LOTE4- The Stewardship is the fourth edition of the Edgeryders annual gathering. We believe the ability to come together to take care of assets in an unstable context is a key skill for surviving and thriving in the future. LOTE4 aims to set the foundations for a global Stewardship ecosystem encouraging free flow of information, knowledge and actors between different contexts, sectors and leadership roles.

Introduction

Over the centuries, nation states all over Europe have developed or acquired control of assets of all kinds. The overarching logic behind this development and acquisition is generally to enable the provision of public services. In recent decades this model has become overstretched: states have found themselves struggling to find the resources to keep those assets manned so that provision of such services could continue, and had to retreat from many non-core services. Consequently, many such assets lie unused; some are beginning to deteriorate.
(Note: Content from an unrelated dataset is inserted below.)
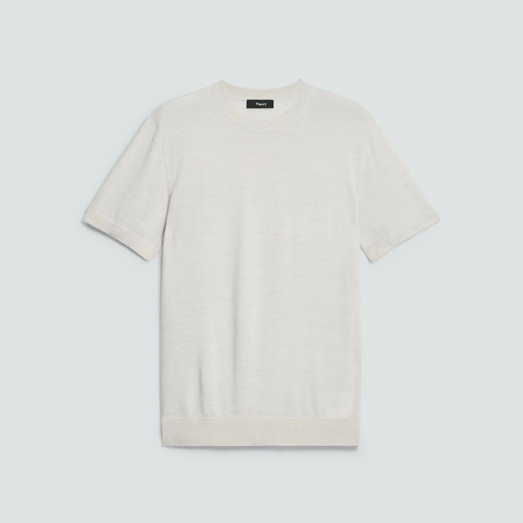 Please enter your email below to be notified when this item is in stock Our classic crewneck tee fits intentionally for everyday wear. A luxurious upgrade to an essential style, it’s crafted in a fine-gauge merino wool from Australia that’s spun and knit in Italy. This single-origin sourced wool is fully traceable to Congi Farm, located in Woolbrook, New South Wales, Australia. This luxury yarn is produced by Botto Giuseppe, a forward-thinking mill and leader in sustainability, located in Biella, Italy. Style #: P0381704 Please enter your email below to be notified when this item is in stock Fit True to size, choose your normal size Regular length Model is 6’2”, chest 38” and wearing a US size M Discover the best fit for you on our. Materials & Care Composition 100% wool; exclusive of elastic Care Do not wash. Do not bleach. Do not tumble dry. Cool iron if needed. Dry clean with any solvent except trichloroethylene. Imported
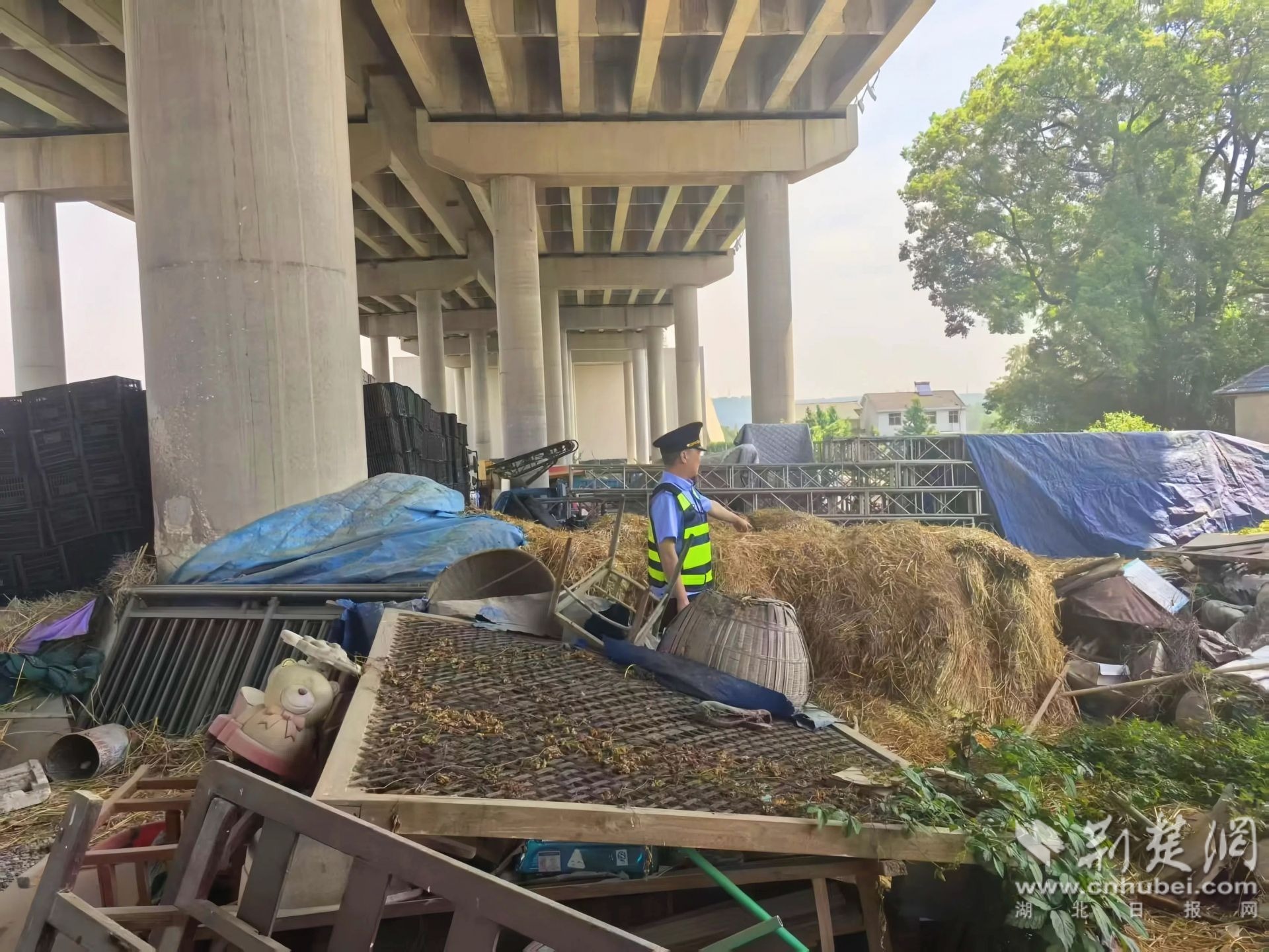 今年3月,执法部门公路管理八支队四大队人员在例行检查时发现宜渡桥下有异常情况。 “那里有成堆的稻草、木头和钢结构,塑料篮、废旧机械、下水道和水泥袋随意堆放。”公路管理第八支队第四大队队长刘云贵回忆,桥下数千平方米的空间被一名商人和八名村民“瓜分”。这些碎片一旦着火,后果将十分严重。

In an effort to correct this situation, some public assets have been turned over to the private sector. This move has had mixed results: while some financial advantages states has indeed materialized, at least in the short term, many privatization programmes suffer unintended consequences. The general consensus seems to be that it might be interesting to explore new avenues.

Communities have been singled out as candidates for taking care of some public assets, in particular those that can be used to provide services to the community itself.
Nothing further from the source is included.